La sagesse des Anciens a montré que les plus forts guerriers se gardaient parfois de poursuivre le châtiment des vaincus dans la destruction des oeuvres de leurs arts, soit en abattant leurs temples, soit en livrant leurs livres au feu. Car mieux valait les entretenir dans les grâces de l’ esprit et, ainsi amollis, conserver sur eux leur empire. Combien stupides à ce compte auront été les destructeurs de Mossoul ou Palmyre!

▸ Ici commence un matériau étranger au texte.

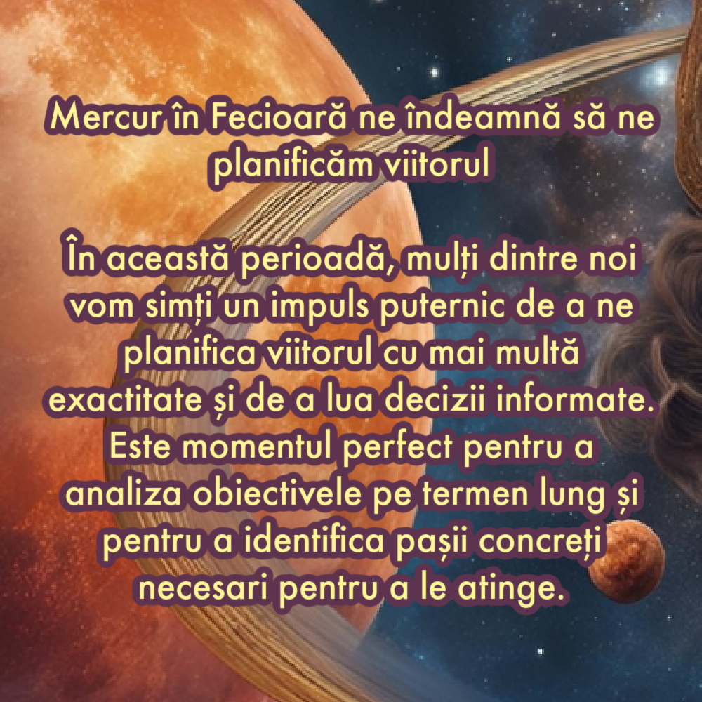 Mercur în Fecioară este cunoscut pentru capacitatea sa de a aduce claritate și ordine în gânduri și comunicare. Această perioadă este excelentă pentru a pune lucrurile în ordine, a crea liste și planuri detaliate, și a ne organiza atât în viața personală, cât și profesională.

Stupides et non moins criminels car, à l’inverse, on ne vantera jamais assez le protecteur des arts, par quoi les civilisations progressent vers leur plus grande perfection, et la paix véritable est au bout du chemin. Gloire au prince dont le choix conduit à l’effort conjugué des guerriers et des doctes. Puissent ses peuples solidaires en saisir la nécessité.